Because every human being behaves differently, we have a potential infection rate for each individual. Obviously, one cannot make an assumption about every citizen. Therefore, one considers an average instead. This is comparable to population growth, which depends on the birthrate per woman. There one also considers the average number of kids per woman (e.g. 1.3). Quite recently it has been proven by Grabinski & Klinkova (2019) that doing so is only allowed in linear differential equations when aiming for the exact solution. For population growth, the mistake is not very big in most cases. This is because one considers either the starting point (pure exponential growth governed by a linear differential equation) or the saturation which is almost stationary. And without time dependence we cannot have the effect discussed here. Another example in Grabinski & Klinkova (2019) is the diffusion model of marketing. Using an average diffusion constant as a simplification led to the conclusion that the diffusion model shows chaos (Weiber, 1993) which is incorrect. The finance world is also full of non-linear differential equations such as pricing by the Black Scholes differential Equation (Black & Scholes, 1973). Though the mistake due to using average constants is most likely tremendous, the error is prohibitively difficult to estimate. This is due to the fact that these models are not correct in the first place and give a rough estimate only. For more details about it, see also (Grabinski & Klinkova, 2019).

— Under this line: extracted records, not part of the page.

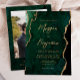 Convite Modern Emerald Green Agate Script Photo Wedding
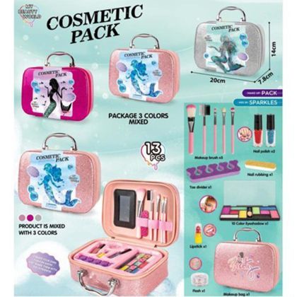 Комплект детски гримове в козметичен куфар е чудесен подарък за деца, които обичат да се гримират и играят на "възрастни". Такъв комплект обикновено включва различни безопасни за деца продукти, подредени в удобен и цветен куфар, който може лесно да се носи и съхранява.
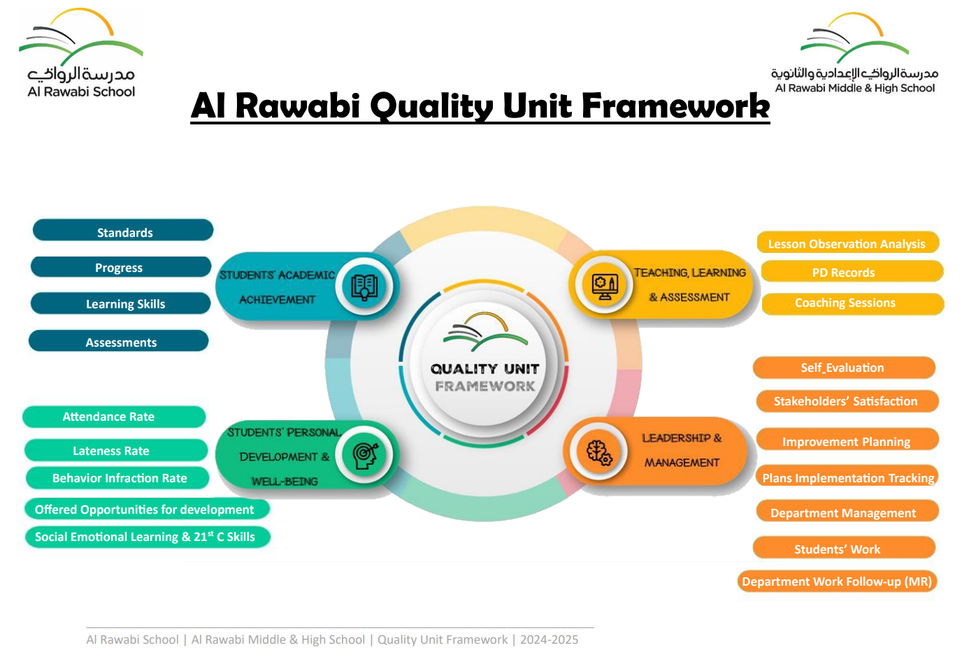 The Quality Unit promotes a quality culture among all stakeholders, creating a school ethos characterized by trust, commitment, collaboration, quality-mindedness, enthusiasm for continuous improvement, constant learning and as a result, a working culture that sustains Al-Rawabi success and existence.
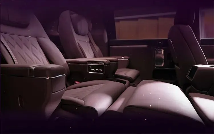 除了灵活的旋转功能,智界V9的二排座椅还配备了零重力模式,一键就能联动调节靠背、腿托和脚踏,能提供1.05米的超长支撑,最大调节角度达123°,久坐也能保持舒适。内饰方面新车更是诚意满满,首发绒霞紫内饰搭配辉光紫外观,配色高级又独特,NAPPA真皮、大面积木饰板随处可见,还有水晶切割风格的装饰件点缀,每一处细节都契合高端豪华MPV的定位。

In the example of the spreading of diseases nobody doubts that the models are correct in terms of their structure. It is just hard to guess ex-ante what the input parameters are. An ex-post comparison between model and reality would lead to the effective parameters. In Chapter 2 we will introduce a simple model which produces curves like the one of Figure 1. However, the outcome is strikingly different whether one takes an average infection rate or a varying one. Assume that if everybody in the population behaved carefully, this would lead to a spread of the disease over e.g. 24 months, while if everybody behaved badly, the disease would spread over three months only, for instance. If we assume that half of the population behaves badly and the other half is extremely careful, it may be a quite reasonable behavior on average. This average would lead to a spread of the disease over 24 months if everybody shows this behavior. However, the actions of the badly behaving half will lead to a spread of the disease over little more than three months in total. Because the spread is exponential rather than linear, the extremely careful half will be infected by the badly behaving with almost no delay making their effort worthless.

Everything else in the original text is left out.